Austin Zoo is a non-profit rescue zoo and located in southwestern unincorporated Travis County, Texas, United States, west of Austin. The zoo is accredited by the Zoological Association of America.

The mission of Austin Zoo is to assist animals in need through rescue, conservation, and education. Austin Zoo currently has over 300 animals from over 100 different species, including African lions, Bengal tigers, cougars, three species of monkeys, black bears, ring-tailed lemurs, and porcupines.

==History==

Austin Zoo started out as a goat ranch. In 1990, it became the Good Day Ranch, housing animals in need. At that time, the animals were mostly domesticated and local animals including goats, pigs, fallow deer, donkeys, and ponies, with just a few exotic animals. Gradually, the number of exotic animals increased, and in 1994, the name was changed to Austin Zoo.
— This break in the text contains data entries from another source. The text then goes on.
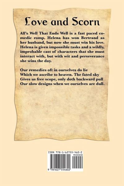 Love and Scorn-- All's Well That Ends Well is a fast paced comedic romp. Helena has won Bertrand as her husband, but now she must win his love. Helena is given impossible tasks and a wildly, improbable cast of characters that she must interact with, but with wit and perseverance she wins the day. Our remedies oft in ourselves do lie Which we ascribe to heaven. The fated sky Gives us free scope, only doth backward pull Our slow designs when we ourselves are dull.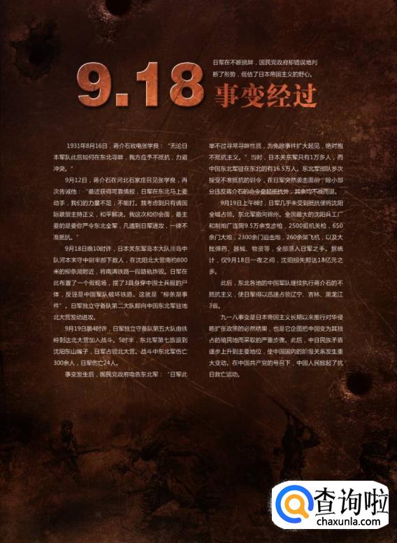 培养孩子的爱国主义精神,家长们可以借用历史典故,历史事件作为很好的教育素材,从中引导孩子们正确认识历史,培养孩子们的爱国主义精神。九一八事变,就是一个十分典型的爱国教育素材。 - 010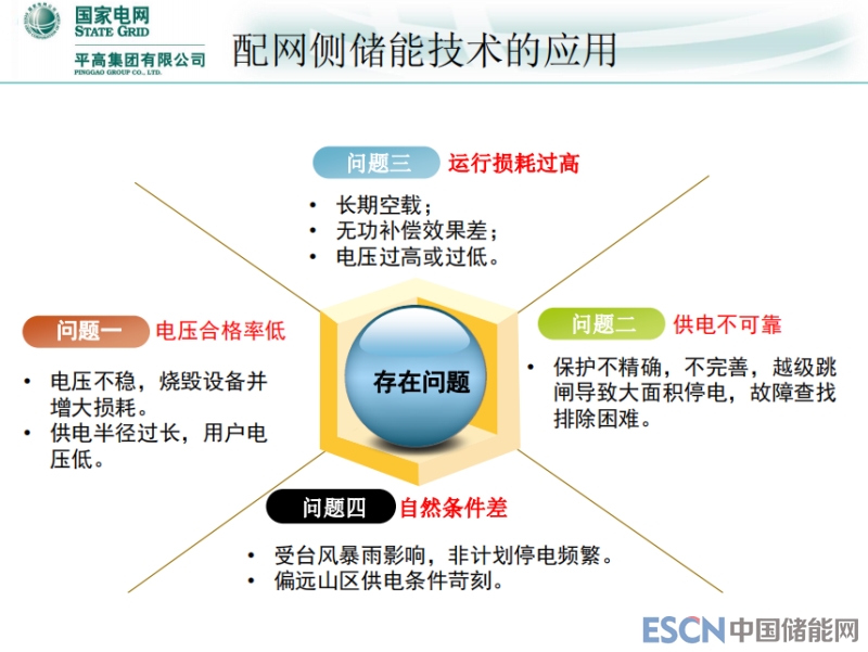 配網(wǎng)側(cè)儲(chǔ)能技術(shù)的應(yīng)用。一是配網(wǎng)末端,從能量守恒來說,發(fā)的電不管是火力、水利,無非就是通過輸電要配出去,現(xiàn)在國(guó)內(nèi)每年花大量的資金進(jìn)行配網(wǎng)改造,一是跟經(jīng)濟(jì)有關(guān),二是配網(wǎng)的利用率比較低。一個(gè)就是電網(wǎng)合格率低,第二個(gè)供電不可靠,第三運(yùn)行損耗過高,第四自然條件差。

In 2000, the zoo became a 501(c)3 nonprofit organization. Today, the rescue zoo is a permanent home to mostly exotic animals that were rescued from or unwanted by their owners, animals from other zoos and sanctuaries, and animals who were awarded protection through the judicial system.

In 2009, the zoo became home to four wolf hybrids which had been abandoned during Hurricane Ike in 2008.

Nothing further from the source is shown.